Thought Leaders National Taxation

Put your trust in taxes during the coronavirus pandemic recovery

Governments amend taxes for good times and bad, says Andrew Bauer

Author: Andrew Bauer
Andrew Bauer
Tax stimulus is not costless, but effective tax measures mitigate the burden, says Andrew Bauer.

WATERLOO – Facing an unprecedented global crisis, it’s natural to turn to taxes for comfort. As strange or unwanted a claim as this seems, our tax system reflects our societal wants and needs, and the behaviours we wish to encourage or discourage. 

Governments amend taxes for good times and bad, and this coronavirus crisis is no different.

The Canadian federal government’s COVID-19 Economic Response Plan includes tax-related measures. Let’s examine the tax supports for individuals and how these measures could benefit society — by considering the past, present and future. 

The past: Tax extensions

The government’s COVID-19 plan helps past behaviour because individuals have until June 1, 2020 to file 2019 tax returns. 

Also, Canadians have until Aug. 31 to pay — without interest or penalties — 2019 taxes, or 2020 instalments based on 2019 information. 

We can’t actually travel back in time to change our past, aside from access to special DeLoreans, hot tubs or Quantum Realms, but these tax extensions help. 

Disrupted information providers now have more time to send us tax forms. And although many taxpayers psychologically enjoy getting a refund, owing a little tax is better economically — and payment deferral makes interest-free tax loans available to Canadians for perhaps the first time ever. 

However, like 75 per cent of 2019 returns already processed, refunds are common. File your tax return as soon as possible to claim it (or qualify for some of the plan’s tax subsidies that I highlight next). 

The present: Income support

Honestly, though, 2019 is easy. It’s 2020 that’s off the charts. To survive disruptions that include social distancing, employment slowdowns and layoffs, we need economic relief now. The government’s plan provides two primary forms of cash support. 

First, $2,000 a month, for four months, in tax benefits are available to individuals without paid sick leave or Employment Insurance (EI) benefits (whether employed or self-employed). 
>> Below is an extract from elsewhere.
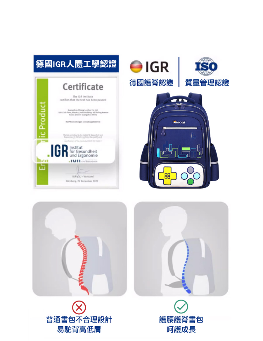 ● 經德國人體工學認證,腰脊雙護,讓孩子健康成長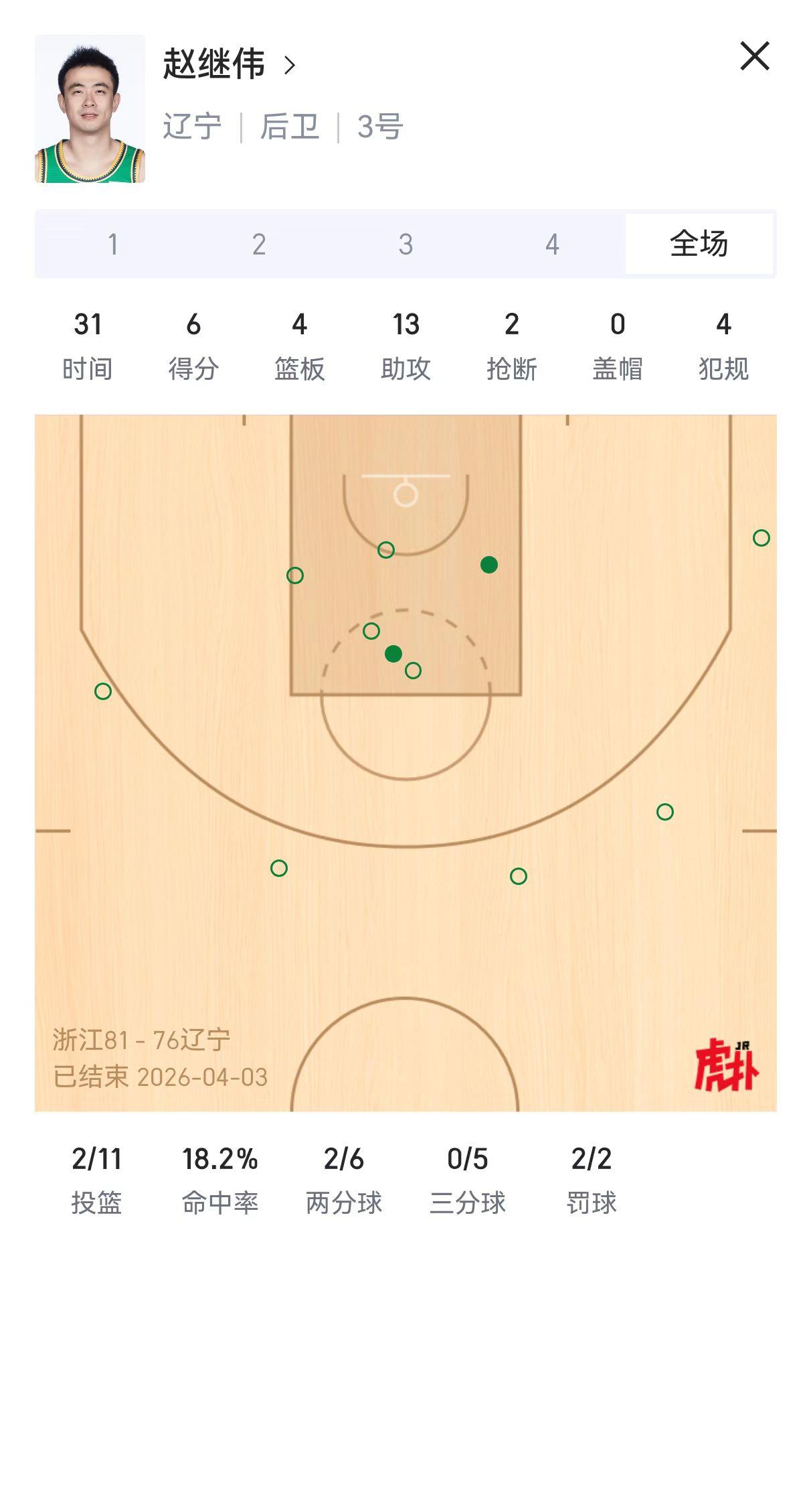 不得不承认赵继伟真的老了! 继上次被广州队18岁一年级小将张文杰防的接球都难受后,这次对上浙江稠州的18岁小将李悦洲,赵继伟又是打的非常挣扎! 两位小将甚至把赵继伟对位的发怒,使用了一些大动作。据统计在近五场场比赛中,赵继伟投篮51中8命中率仅15%。 现在的赵继伟受年龄和身高影响,进攻只有通过挡拆投三分这一招,他不像郭艾伦继续伤病不断年龄大了也能突破,小个子球员想突破得分没速度是非常难的。

Eligible individuals can be off work sick or in quarantine, caring for children, or working reduced hours. All qualifying individuals apply online, separate from EI. 

Note that EI-eligible individuals unable to work should apply for regular EI first. If EI runs out before four months, apply for the $2,000 support then. 

Second, additional amounts are available for low and modest income families through enhancements to the GST credit (up to $600) and Canada Child Benefit (up to $300 per child). These amounts are administered by the CRA just by filing a 2019 tax return. 

Highlighting the importance of these amounts, having access to more than a one-time source of support could be critical for many individuals during or following this coronavirus crisis. According to market research half of Canadians barely cover their monthly bills. Furthermore, U.S. academic research found that following the 2008-09 financial crisis, tax transfers softened the blow of reduced income driven primarily by lost employment. 

I’ll highlight two other “present” elements of the plan. For those repaying student loans, there’s a six-month, interest-free break from payments. Normally it’s a smart move to borrow now for higher future earnings. So extending an interest-free loan period helps to compensate for the unexpected disruption in earnings potential. 

For seniors using a Registered Retirement Income Fund, minimum withdrawal levels for 2020 are reduced by 25 per cent. 

Many investment plans have been hurt by market lows. Lower withdrawals mean more assets remain tax-sheltered for longer, allowing time to rebound and generate more income for future withdrawals.

Less obvious, lower withdrawals mean less clawback of Old Age Security; clawbacks are one of several stealth taxes that disproportionately hurt seniors

The future: Additional support

We’ve already seen some adjustments to the federal government’s COVID-19 economic plan since it was announced, and I believe we can also expect new support. Traditionally, Canadian governments provide tax incentives or cuts around budget time. Budgets for 2020 budgets have obviously been delayed, and 2021 budgets won’t be released until at least January 2021. 

I’m not aware of governments normally using the kind of measures I’m about to suggest, but hey, these are not normal times. 

Some options for future budget measures:

  • Treat income support, currently labelled a taxable benefit, as non-taxable
  • Make the basic personal tax credit for 2020 temporarily and/or partially refundable (the federal government has already announced plans to gradually increase the amount by 2023)
  • Introduce a universal basic income

As we live through COVID-19 shutdowns across the country and around the world, we’d all like to get back to a sense of normalcy, whatever that normal will be. Economic stability is a critical feature to recovery, and a tax system assists with that. 

Certainly tax stimulus is not costless, but effective tax measures mitigate the burden. When the dust settles, I hope these measures help put cash into our pockets that we otherwise wouldn’t have, and make our future brighter. 

Andrew Bauer is Assistant Professor, Canada Research Chair in Taxation, Governance and Risk, University of Waterloo.